Beyond the lesion site: minocycline augments inflammation and anxiety-like behavior following SCI in rats through action on the gut microbiota

Emma K A Schmidt  1 Pamela J F Raposo  2   3 Abel Torres-Espin  4 Keith K Fenrich  1   2 Karim Fouad  5   6   7
Affiliations

Beyond the lesion site: minocycline augments inflammation and anxiety-like behavior following SCI in rats through action on the gut microbiota

Emma K A Schmidt et al. J Neuroinflammation. .

Abstract

Background: Minocycline is a clinically available synthetic tetracycline derivative with anti-inflammatory and antibiotic properties. The majority of studies show that minocycline can reduce tissue damage and improve functional recovery following central nervous system injuries, mainly attributed to the drug's direct anti-inflammatory, anti-oxidative, and neuroprotective properties. Surprisingly the consequences of minocycline's antibiotic (i.e., antibacterial) effects on the gut microbiota and systemic immune response after spinal cord injury have largely been ignored despite their links to changes in mental health and immune suppression.

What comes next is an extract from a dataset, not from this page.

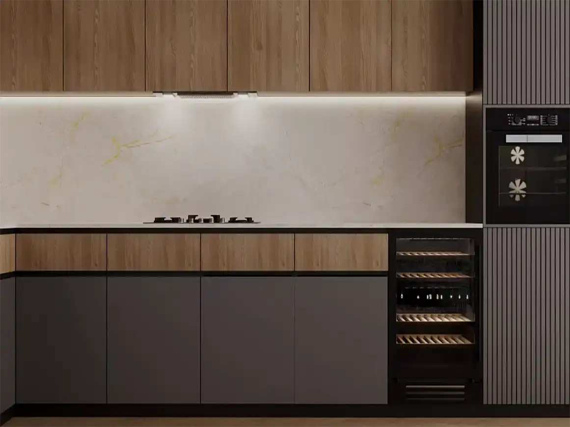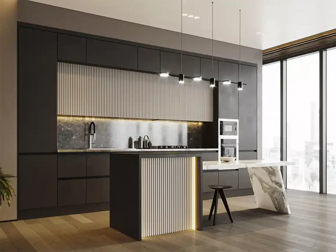 Çıtalı dolap kapaklı bir mutfakta birinci sınıf kaplama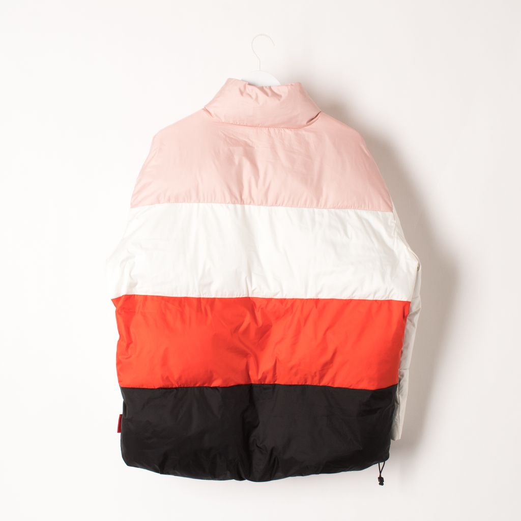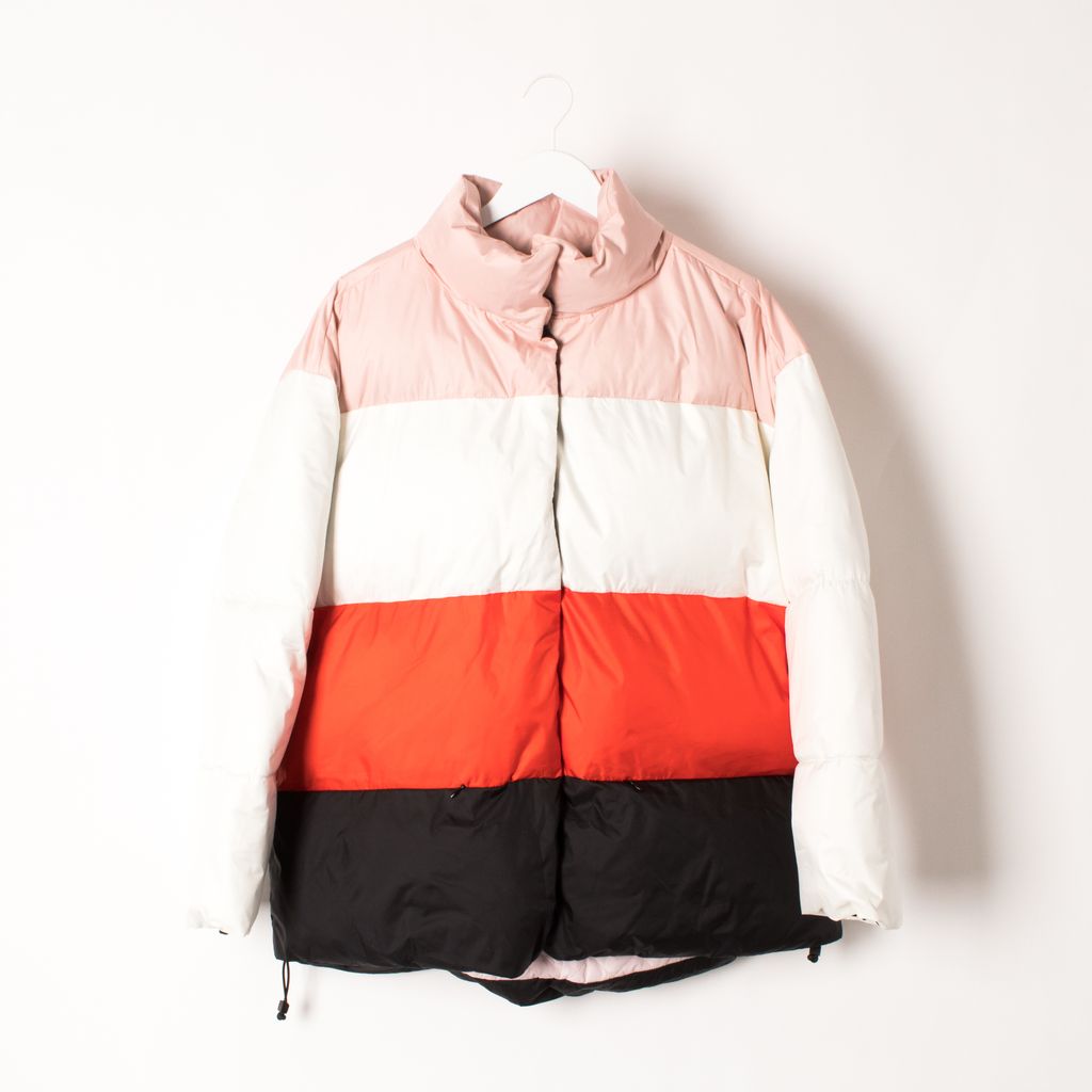 Colorblock Biannual Puffer Jacket. Invisible pocket zips and adjustable elastic drawstring at hem of jacket.

Methods: Here, we sought to determine minocycline's effect on spinal cord injury-induced changes in the microbiota-immune axis using a cervical contusion injury in female Lewis rats. We investigated a group that received minocycline following spinal cord injury (immediately after injury for 7 days), an untreated spinal cord injury group, an untreated uninjured group, and an uninjured group that received minocycline. Plasma levels of cytokines/chemokines and fecal microbiota composition (using 16s rRNA sequencing) were monitored for 4 weeks following spinal cord injury as measures of the microbiota-immune axis. Additionally, motor recovery and anxiety-like behavior were assessed throughout the study, and microglial activation was analyzed immediately rostral to, caudal to, and at the lesion epicenter.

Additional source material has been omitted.